Remembering Our Sacrifices
By Alex Quade
War Reporter & Honorary SFA Natl. Lifetime Member
(Author’s disclosure: this reporter gave MOH Gold Star Memorial pins and keychains, given to her by her friend, WW2 MOH recipient, Chaplain Woody Williams — RIP — to each of the Gold Star Family Members she had the honor of spending time with at SFACON 2022.)
The professionally delivered keynote address hid a secret. Few knew that speaker Norma Donlon, and her husband SF MOH recipient COL (ret) Roger Donlon, lost their beloved son just 3-days prior. Justin Donlon had served in the Kansas Army National Guard.
Ms. Norma — a Soldier’s widow, Soldier’s wife, and Soldier’s mother — spoke at SFACON 2022‘s Gold Star luncheon.
“My first husband, 1LT John W. Irving, Jr. is one of the names on the (Vietnam Memorial) wall. He was a U.S. Army Ranger KIA in an operation airlifting Vietnamese Rangers to the front. We had been married just a year when he volunteered for Shotgun duty on board a Huey helicopter. He was killed one week before he was to come home. At age 22, I became a Gold Star Wife’,” Ms. Norma began.

Left to right, Norma and first husband John Irving, in December 1964, on their first wedding anniversary. He left for Vietnam six weeks later. (Photo courtesy Norma Donlon)
Then, she shared stories with the Gold Star Families and VIPs.
“A father came up to me asking, ‘Is your first husband buried at ANC?’ ‘No,’ I answered. ‘Being so young my heart wanted to spend the rest of my life at his grave and be able to visit every day.’ So, I had him buried near where I lived and worked, each day I took my lunch to the cemetery.’ ‘Yes,’ he said, ‘I understand that, my son has been gone for six years and I have coffee with him every morning’,” Ms. Norma shared.
She spoke of a mother, whose son was KIA in Iraq. His German wife moved back to Germany with their 2-year-old son. The double loss of her son and grandson was unbearable.

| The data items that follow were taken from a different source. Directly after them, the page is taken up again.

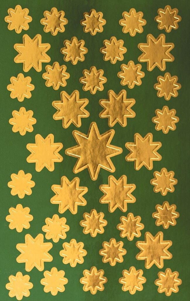 78 ks samolepek v balení, papírové, permanentní lepidlo, motiv hvězdičky. Samolepky s vánoční tematikou na výzdobu, ruční tvořivost, vánoční dárky apod.
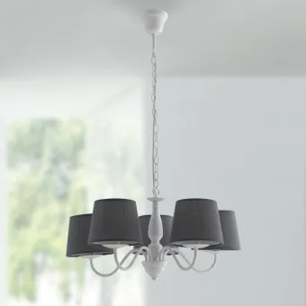 Höhenverstellbare Kettenaufhängung aus weißem Metall mit grauen Stofflampenschirmen. Klassischer Kronleuchter...
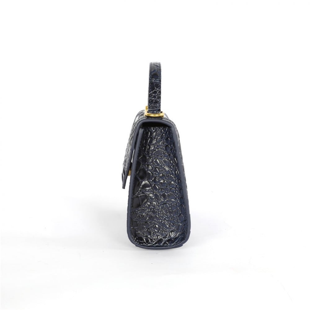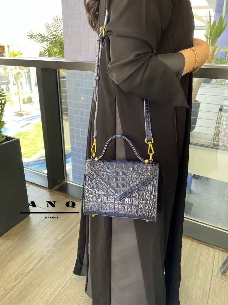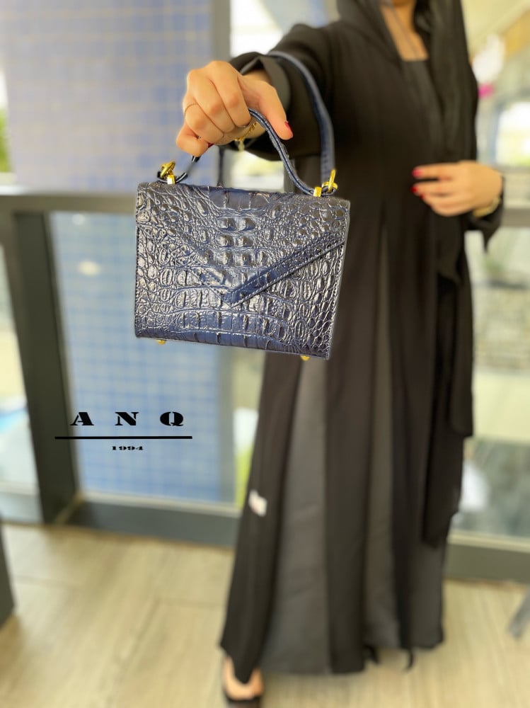 حقيبة اليد المربعة تمتاز بأناقة في بساطتها وفخامة في تصميمها.
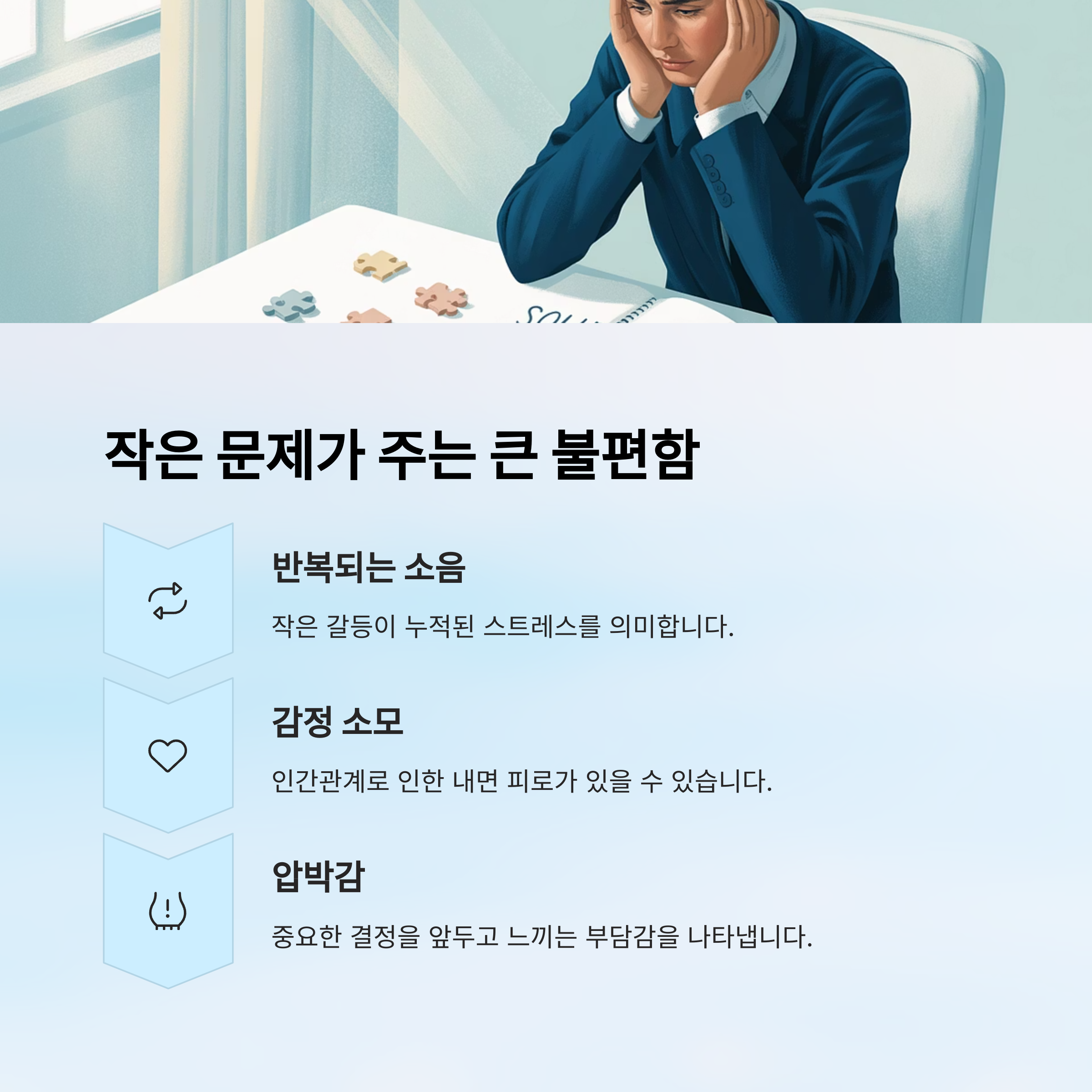 특히 반복되는 업무, 주변 사람들과의 미묘한 갈등, 또는 감정적인 피로가 누적되었을 가능성이 큽니다.

“I suggested she might want to register with Ancestry.com and write her son’s story, in case her grandson reached out to her someday. When her grandson turned 17, he sent an email from Germany and they are now connected a world apart,” Ms. Norma relayed.
The question Gold Star Families ask her the most is —“How do you get over it?”
Her answer is always the same —“You never get over it but you can get through it. Each person, each family does so in their own good time. It took me three-and-a-half years, but I did finally move on.”
Ms. Norma’s speech resonated with the Gold Star Families.
It resonated with… Ms. Karen Newman — now the wife of Green Beret SFC (ret) Cliff Newman (DMOR, former Executive Director SFA and Special Ops Association).
“Her brother Dale (SSG Dale Dehnke, 5SFG) was KIA on a recon mission at CCN on 18 May 1971, his 23rd birthday. I knew him there, but he was killed after I left (Da Krong Valley, Thua Thin Province, Vietnam). Karen and I met at a SOAR over 20-years ago. Her family never knew the circumstances of his death until then,” Cliff told me.
It resonated with… Ms. Betty Stewart — now the wife of Green Beret LTC (ret) Lee Stewart. Her first husband 1LT John Penman (B-Co, 2nd BN, 35th IN, 4th ID), was KIA MAR 1970, in Binh Dinh Province, Vietnam.